In this blog post, I outline key findings from my autoethnographic study examining the ways auto-generated captioning technologies (such as Panopto) in higher education (HE) transcribe my stammered speech. Stammering or stuttering is a speech difference characterised by disruption in the ongoing flow of speech, including repetitions, blocks or prolongations. The medical model regards stammering as a defect that requires fixing, while the social model is increasingly used to argue that stammering is a difference, requires no fixing and that people who stammer (pws) are disabled by an ableist environment. One such environment is HE.

By using my own experiences of stammering and auto-captioning as data, I aim to challenge the dominant narrative that auto-captioning of lectures in higher education institutions (HEIs) is inherently inclusive. I call for diversity in speech to be recognised by the AI datasets that drive auto-captioning.
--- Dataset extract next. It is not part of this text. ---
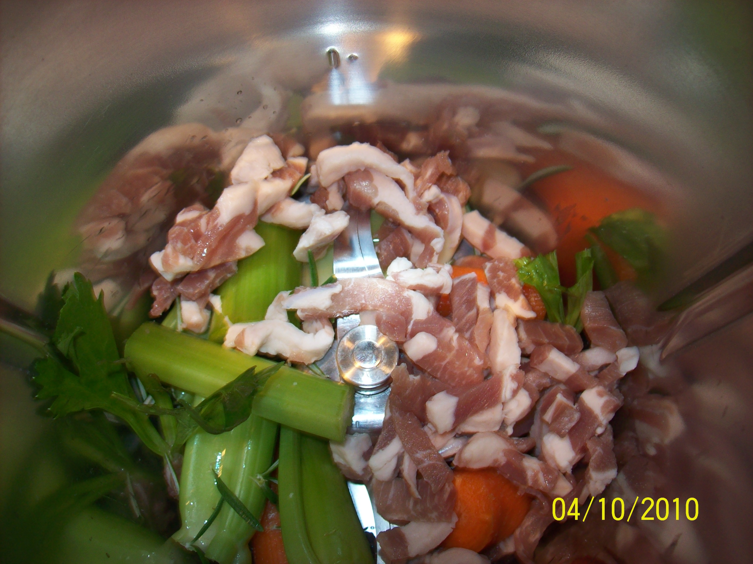 "coperchio chiuso" aglio sedano carota rosmarino e pancetta tritare per 10 sec vel 7unire l'olio i pezzi di coniglio togliendoli dalla marinata tenerli da parte insaporire 12 min tem.varoma
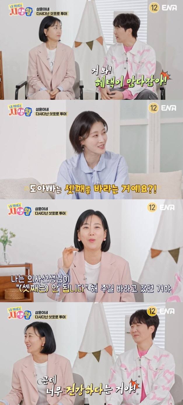 도경완은 "혜택이 많다"며 부러워했고,이현이는 "셋째를 바라는 거냐"고 물었다. 이에 장윤정은 "진짜 계속 이런다. 이거 진심이다. 병원에 가서 검사도 받았다. 나는 의사 선생님이 '안된다'고 해주길 바랐는데 너무 건강하다는 거다"라고 털어놨다.

‘The medical model regards stammering as a defect that requires fixing, while the social model is increasingly used to argue that stammering is a difference, requires no fixing and that people who stammer are disabled by an ableist environment.’

The agency of speech

Speech ‘has occupied a dignified position within the humanist lineage’ (St. Pierre, 2015, p. 330) and might be assumed to be essential for a HE lecturer, for teaching, and communication as well as identity formation. However, this assumption risks marginalising those HE lecturers without speech and those with non-normative speech patterns. Rather than seeing speech as representative of the human, a post-humanist approach regards speech as agentic, produced as a result of the human interacting with other human and non-human actors (Mazzei, 2013). Stammering provides an insight into understanding how speech is agentic. Sheehan (1970, p. 4) described how ‘it takes two to stutter’ meaning that stammering is produced through interaction with human and non-human interlocutors, such as voice-recognition technologies. Together, these interlocutors are agentic in producing stammering, which can be regarded as ‘a social phenomenon’ (Acton & Hird, 2004).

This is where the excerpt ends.